→ **Exercise aim**:
Everything from the line containing "The purity of" through the line containing "I recently saw" should be repeated exactly, and nothing else from the data.
○ ○ ○ ○ ○
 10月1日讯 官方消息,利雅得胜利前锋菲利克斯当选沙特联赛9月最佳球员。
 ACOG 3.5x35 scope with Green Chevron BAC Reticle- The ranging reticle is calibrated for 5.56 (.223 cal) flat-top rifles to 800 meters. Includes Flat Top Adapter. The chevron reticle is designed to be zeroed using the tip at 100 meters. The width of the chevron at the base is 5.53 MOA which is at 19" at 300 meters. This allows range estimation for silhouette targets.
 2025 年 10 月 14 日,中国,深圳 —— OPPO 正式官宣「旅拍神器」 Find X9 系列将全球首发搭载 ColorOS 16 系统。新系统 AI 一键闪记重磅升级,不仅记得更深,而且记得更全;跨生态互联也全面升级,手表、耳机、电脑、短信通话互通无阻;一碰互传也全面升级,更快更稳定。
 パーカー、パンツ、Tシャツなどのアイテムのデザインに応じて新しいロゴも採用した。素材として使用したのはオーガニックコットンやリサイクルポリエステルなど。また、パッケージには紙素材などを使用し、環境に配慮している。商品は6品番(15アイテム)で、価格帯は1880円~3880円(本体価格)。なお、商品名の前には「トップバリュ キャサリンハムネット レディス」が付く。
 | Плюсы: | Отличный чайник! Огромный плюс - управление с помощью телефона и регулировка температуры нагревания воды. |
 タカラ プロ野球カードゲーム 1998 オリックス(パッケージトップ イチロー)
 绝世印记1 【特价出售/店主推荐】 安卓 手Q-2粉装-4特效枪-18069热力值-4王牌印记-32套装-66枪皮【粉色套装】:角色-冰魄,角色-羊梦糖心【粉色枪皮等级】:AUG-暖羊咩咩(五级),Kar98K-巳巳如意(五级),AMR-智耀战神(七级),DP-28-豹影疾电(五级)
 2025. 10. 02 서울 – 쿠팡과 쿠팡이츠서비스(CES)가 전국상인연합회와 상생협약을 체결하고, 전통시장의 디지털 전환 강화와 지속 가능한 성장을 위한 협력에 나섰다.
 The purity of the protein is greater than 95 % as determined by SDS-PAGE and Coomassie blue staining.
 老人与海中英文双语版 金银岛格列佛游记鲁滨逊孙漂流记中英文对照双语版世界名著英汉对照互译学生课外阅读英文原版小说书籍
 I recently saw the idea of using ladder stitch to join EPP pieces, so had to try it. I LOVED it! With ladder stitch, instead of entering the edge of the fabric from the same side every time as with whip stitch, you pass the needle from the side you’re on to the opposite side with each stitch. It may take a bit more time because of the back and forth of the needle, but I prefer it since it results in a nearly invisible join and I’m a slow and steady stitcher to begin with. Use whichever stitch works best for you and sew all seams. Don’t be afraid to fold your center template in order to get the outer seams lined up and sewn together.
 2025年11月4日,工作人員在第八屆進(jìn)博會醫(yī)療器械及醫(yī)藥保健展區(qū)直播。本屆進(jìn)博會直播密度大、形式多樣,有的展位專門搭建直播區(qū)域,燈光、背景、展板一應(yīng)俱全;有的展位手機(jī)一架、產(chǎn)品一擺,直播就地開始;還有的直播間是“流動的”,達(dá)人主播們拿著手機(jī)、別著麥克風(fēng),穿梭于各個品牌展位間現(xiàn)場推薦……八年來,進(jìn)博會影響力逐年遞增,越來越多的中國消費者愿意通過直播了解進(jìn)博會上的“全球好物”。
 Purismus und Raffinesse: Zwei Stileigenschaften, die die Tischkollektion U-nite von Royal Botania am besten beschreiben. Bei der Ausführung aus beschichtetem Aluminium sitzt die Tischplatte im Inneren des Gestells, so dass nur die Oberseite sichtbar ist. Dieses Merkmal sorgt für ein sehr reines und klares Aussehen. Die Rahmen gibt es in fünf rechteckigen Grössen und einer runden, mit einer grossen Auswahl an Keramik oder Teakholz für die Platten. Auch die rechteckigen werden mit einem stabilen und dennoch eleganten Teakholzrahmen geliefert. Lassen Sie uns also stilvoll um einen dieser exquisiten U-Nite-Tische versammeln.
○ ○ ○ ○ ○
→ **Solution to this exercise**:
 The purity of the protein is greater than 95 % as determined by SDS-PAGE and Coomassie blue staining.
 老人与海中英文双语版 金银岛格列佛游记鲁滨逊孙漂流记中英文对照双语版世界名著英汉对照互译学生课外阅读英文原版小说书籍
 I recently saw the idea of using ladder stitch to join EPP pieces, so had to try it. I LOVED it! With ladder stitch, instead of entering the edge of the fabric from the same side every time as with whip stitch, you pass the needle from the side you’re on to the opposite side with each stitch. It may take a bit more time because of the back and forth of the needle, but I prefer it since it results in a nearly invisible join and I’m a slow and steady stitcher to begin with. Use whichever stitch works best for you and sew all seams. Don’t be afraid to fold your center template in order to get the outer seams lined up and sewn together.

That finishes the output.